The patient's condition improved with resolution of the hemoptysis, and he was discharged in stable condition. Outpatient pulmonary function testing was normal and a repeat Chest imaging had normalized. He was counseled to avoid smoking marijuana and remained symptom-free at his follow up visit.

3Discussion

DAH can present as a spectrum of nonspecific symptoms ranging from cough, dyspnea, and hemoptysis to severe hypoxemic respiratory failure requiring mechanical ventilation. Diagnosis is confirmed by bronchoscopy when successive BAL aliquots show progressively hemorrhagic return, and there are iron laden macrophages on cytology [6,7].

Inhalation injury as a cause of DAH has been associated with illicit drug use, especially cocaine, amphetamine and synthetic cannabinoids [8]. Repeated deep inhalation followed by Valsalva maneuver may increase intra alveolar pressure resulting in injury to the alveolar-capillary membrane leading to hemoptysis, pneumothorax, pneumomediastinum and non- cardiogenic pulmonary edema [9,10]. In addition, marijuana inhalation involves a 66% larger volume, 40% deeper inhalation, and 4 times longer breath hold when compared to smoking tobacco [8]. This technique could predispose to inhalation injury.
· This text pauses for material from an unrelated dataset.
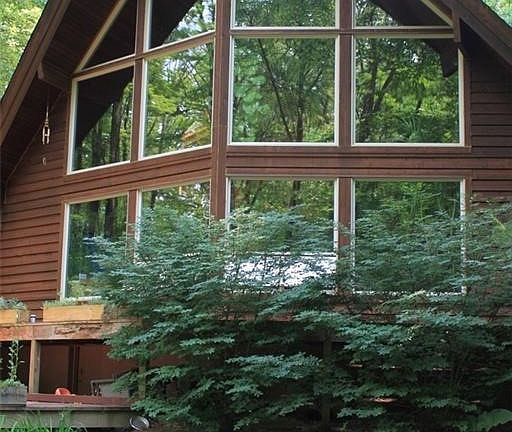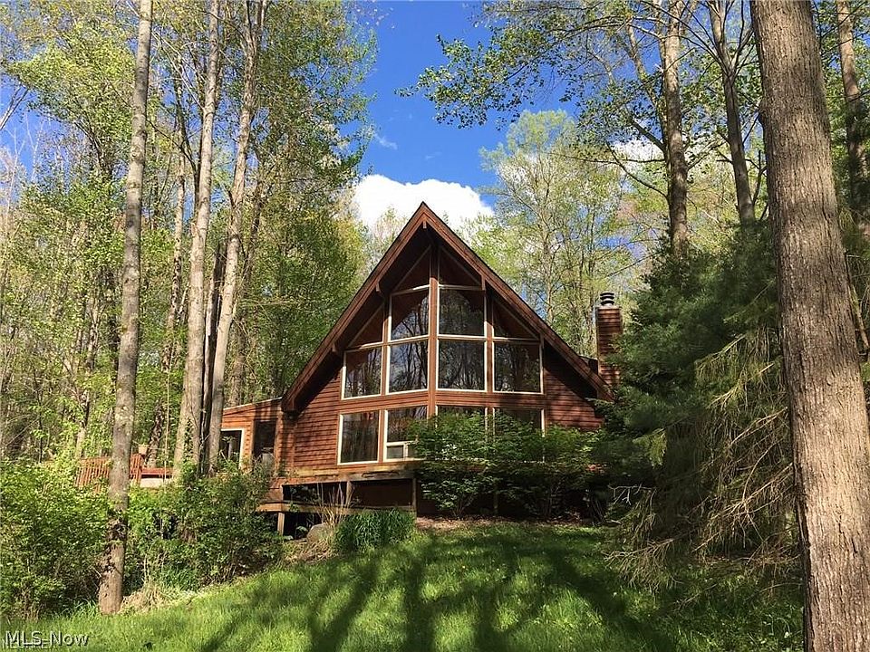 If you have been yearning for a unique home in a setting that offers privacy, a sense of seclusion and is located close to freeway access and city amenities, your search is over! This is a custom built Lindal Cedar Post and Beam Home sitting on 2.67 acres in Bainbridge Twp. in the Kenston School District and just minutes from the Village of Chagrin Falls and Rt. 422. The walls of glass in the rear and windows throughout provide beautiful views of nature, a creek and small pond. The beauty of the great room with soaring beamed ceilings and walls of cedar and stone fireplace cannot be explained in words or pictures but requires a visit and tour of this special home. The open kitchen features Kraftmaid cherry cabinets, granite counters and a center island with countertop range. The first floor master bedroom with large bathroom and plenty of closet space opens to a glass enclosed lap pool sanitized without chemicals. The second level holds two additional bedrooms, a full bath and a loft a

Only three cases of DAH associated with marijuana use have been described in the literature, two cases after inhalation of synthetic cannabinoid [11,12]. And one case after using a bong made of homemade plastic materials [13]. Our case is unique in that this patient was smoking non-synthetic marijuana and was doing so without the use of any inhalation aids or techniques. It's possible that the rhinovirus URI may have predisposed him to airway inflammation and then the significant marijuana inhalation resulted in inhalational injury. An extensive work-up for other causes of his DAH was unrevealing and his symptoms resolved without treatment. It's worth noting that rhinovirus has not been associated with DAH.

This case highlights a potential new complication from marijuana inhalation that should be considered in the differential diagnosis of patients presenting with DAH. The mechanism by which marijuana might lead to DAH warrants further investigation.